1: All margins are multivariate normal: if

$$X = \left[\begin{array}{c} X_1\\ X_2\end{array} \right]$$

$$\mu = \left[\begin{array}{c} \mu_1\\ \mu_2\end{array} \right]$$

and

$$\Sigma = \left[\begin{array}{cc} \Sigma_{11} & \Sigma_{12} \\ \Sigma_{21} & \Sigma_{22} \end{array} \right]$$

then $X\sim MVN(\mu,\Sigma)$ implies that $X_1\sim MVN(\mu_1,\Sigma_{11})$.

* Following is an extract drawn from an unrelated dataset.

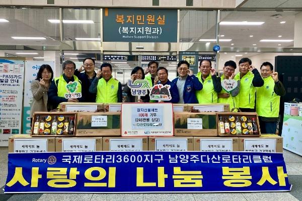 [한국뉴스타임=편집국] 남양주시 다산로타리클럽은 다가오는 설을 맞이해 1일 관내 취약계층을 위해 246만 원 상당의 참치 선물세트 100박스를 전달했다.
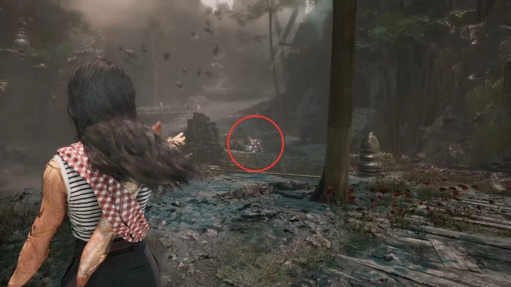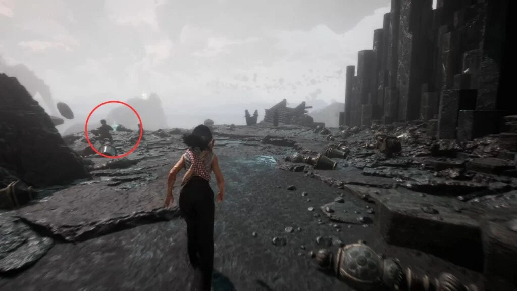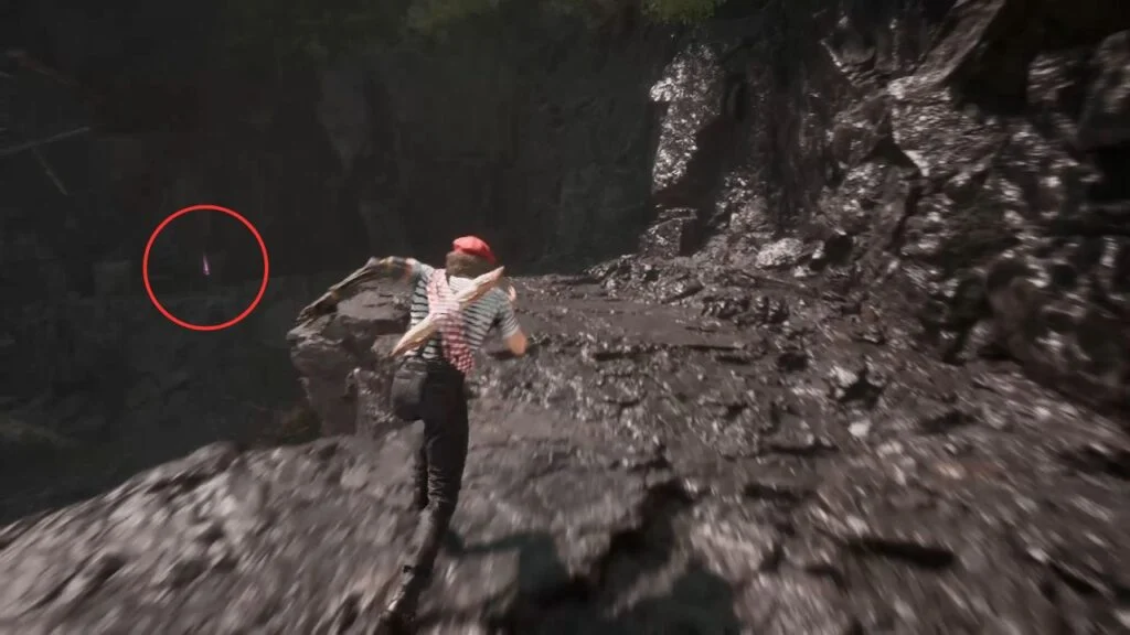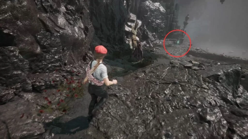 From the flag, turn left and defeat the two Rocher enemies. They’re guarding a Healing Tint Shard, take it before heading back. Return to the flag and head down the main path.

2: All conditionals are normal: the conditional distribution of X₁given X₂=x₂ is $MVN(\mu_1+\Sigma_{12}\Sigma_{22}^{-1} (x_2-\mu_2),\Sigma_{11}-\Sigma_{12}\Sigma_{22}^{-1}\Sigma_{21})$

3: $MX+\nu \sim MVN(M\mu+\nu, M \Sigma M^t)$. That is, an affine transformation of a Multivariate Normal is normal.

Normal samples: Distribution Theory

Theorem 1   Suppose $X_1,\ldots,X_n$ are independent $N(\mu,\sigma^2)$ random variables. (That is each satisfies my definition above in 1 dimension.) Then

1.

The sample mean $\bar X$ and the sample variance s² are independent.

2.

$n^{1/2}(\bar{X} - \mu)/\sigma \sim N(0,1)$

3.

$(n-1)s^2/\sigma^2 \sim \chi^2_{n-1}$

4.

$n^{1/2}(\bar{X} - \mu)/s \sim t_{n-1}$

Proof: Let $Z_i=(X_i-\mu)/\sigma$. Then $Z_1,\ldots,Z_p$ are independent N(0,1) so $Z=(Z_1,\ldots,Z_p)^t$ is multivariate standard normal. Note that $\bar{X} = \sigma\bar{Z}+\mu$ and $s^2 = \sum(X_i-\bar{X})^2/(n-1) = \sigma^2 \sum(Z_i-\bar{Z})^2/(n-1)$Thus

$$\frac{n^{1/2}(\bar{X}-\mu)}{\sigma} = n^{1/2}\bar{Z}$$

$$\frac{(n-1)s^2}{\sigma^2} = \sum(Z_i-\bar{Z})^2$$

and

$$T=\frac{n^{1/2}(\bar{X} - \mu)}{s} = \frac{n^{1/2} \bar{Z}}{s_Z}$$

where $(n-1)s_Z^2 = \sum(Z_i-\bar{Z})^2$.

Thus we need only give a proof in the special case $\mu=0$ and $\sigma=1$.